Sabato, 17 Ottobre 2015 00:00

Andy Warhol al G.A.M. di Bologna

Bologna - La Galleria d'Arte Maggiore G.A.M. di Bologna apre la stagione espositiva autunnale con una mostra dedicata ad Andy Warhol, figura incredibilmente versatile e dinamica che, a vent'anni dalla morte, continua a rimanere uno dei personaggi più influenti dell'arte e della cultura contemporanea.

La mostra – curata da Franco e Roberta Calarota e fortemente voluta dalla figlia Alessia, attuale direttrice – rende omaggio al ricco percorso artistico del maestro della Pop Art americana, capace di lasciare un segno indelebile non solo nel mondo dell'arte ma anche in quello della musica, del cinema e della moda. Un grande rivoluzionario quindi che, più di chiunque altro, ha compreso e interpretato i tratti della società del XX secolo per modificare per sempre il significato profondo che attribuiamo oggi alla parola "Arte".

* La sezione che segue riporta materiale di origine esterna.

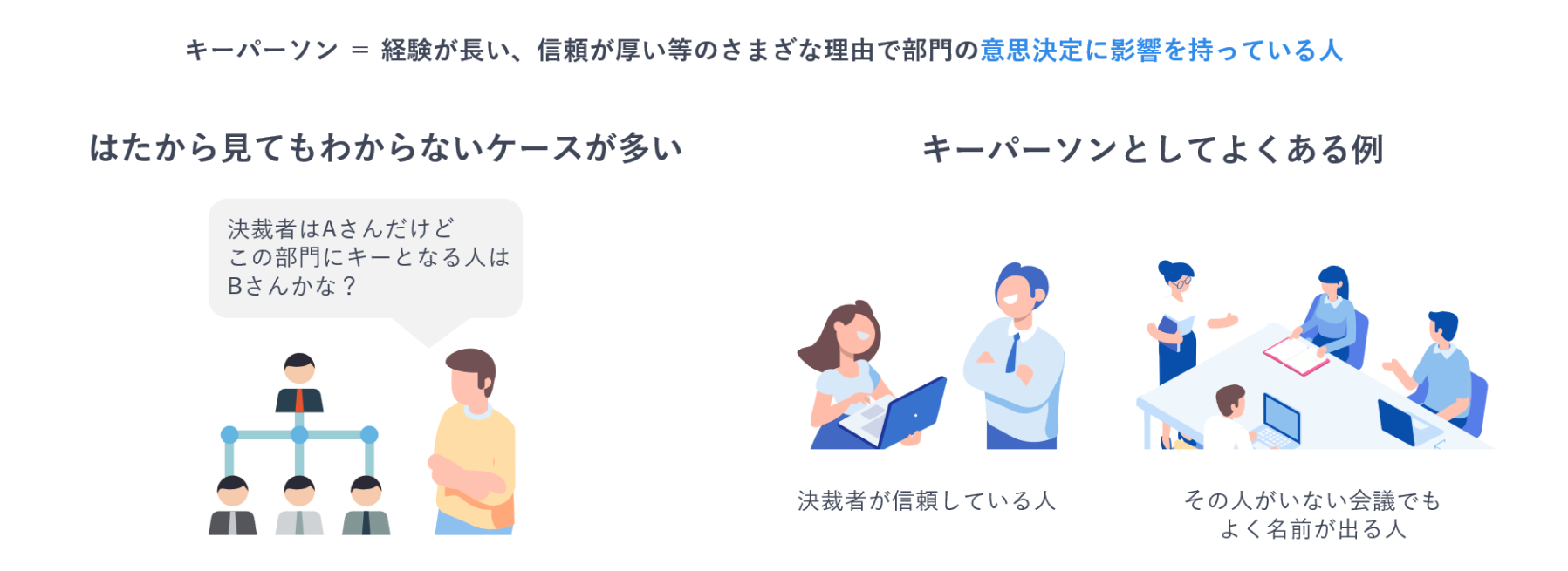 キーパーソンとは、経験が長い・信頼が厚いなどにより、組織の意思決定に

Ripercorrere il percorso creativo di Andy Warhol (Pittsburg, 1928 – New York, 1987) significa comprendere gli snodi che hanno rivoluzionato l'arte dei nostri tempi. L'artista ha infatti colto alcune delle suggestioni più intriganti della storia dell'arte che lo ha preceduto – dalla decontestualizzazione dei Ready Made di Marcel Duchamp alla ripetizione differente operata da Giorgio de Chirico - per dare loro un seguito nuovo, calato negli anni del boom economico, delle celebrità mediatiche (scegliendo come soggetti Marilyn Monroe, Mao Tse-Tung, Jacqueline Kennedy) e della pubblicità commerciale (con le famose bottiglie di Coca-Cola o gli ancora più noti Barattoli di Campbell Soup). Portando gli scaffali del supermercato all'interno di un museo, Warhol continua a riflettere sulla forza della decontestualizzazione degli oggetti di Duchampiana memoria condividendo con questi il prelievo tale e quale di una porzione di realtà per trasportarla altrove e si fa artefice principale del definitivo abbattimento delle ormai anacronistiche barriere tra cultura alta e bassa, o per meglio dire "popolare".

Il concetto di "Pop" non si riferisce infatti all'idea di creare un'arte "del popolo" o "per il popolo" ma piuttosto di guardare all'immaginario della cultura di massa per elevarlo allo stato di arte. Per rendere semplici oggetti senza significato delle icone, Warhol capisce però l'importanza di affiancare al concetto dello straniamento dadaista, la pratica della ripetizione, ancora una volta dimostrando la capacità di assorbire le tendenze della società di quegli anni in cui la produzione in serie si era imposta con forza. La ripetizione differente trova un grande maestro e un illustre predecessore in Giorgio de Chirico, che negli anni della Neo-metafisica torna a citare se stesso in un gioco di corsi e ricorsi e ha conseguenze dirette anche sulle tecniche artistiche adottate da Warhol: nella sua produzione si assiste a un progressivo abbandono della pittura a favore della serigrafia, tecnica che consente la produzione di immagini in serie proprio come le industrie capitalistiche realizzano in massa prodotti per i consumatori. Se negli anni Quaranta-Cinquanta, con Jackson Pollock e gli Informali, l'importanza veniva data alla manualità, al gesto dell'artista che imponeva sulla tela segni e materia, ora al centro viene posta l'idea, il pregetto, il pensiero che produce l'opera, con evidenti fortissime conseguenze sulle tendenze in cui si è poi mossa l'arte in anni più recenti.

Il quadro tracciato da Andy Wahrol è quello di un artista costantemente in bilico tra la critica e l'ammirazione per un sistema che seppur fondato su basi estremamente controverse, è anche uno straordinario esempio di democrazia: “perfino il più povero può bere la stessa Coca-Cola che beve Jimmy Carter o Liz Taylor”. La Galleria d'Arte Maggiore si prepara ad accogliere la prima monografica sull'artista, mettendo come sempre in evidenza i legami con la storia e gli influssi sulle generazioni successive e continuando l'approfondimento sulle figure più rilevanti della storia dell'arte.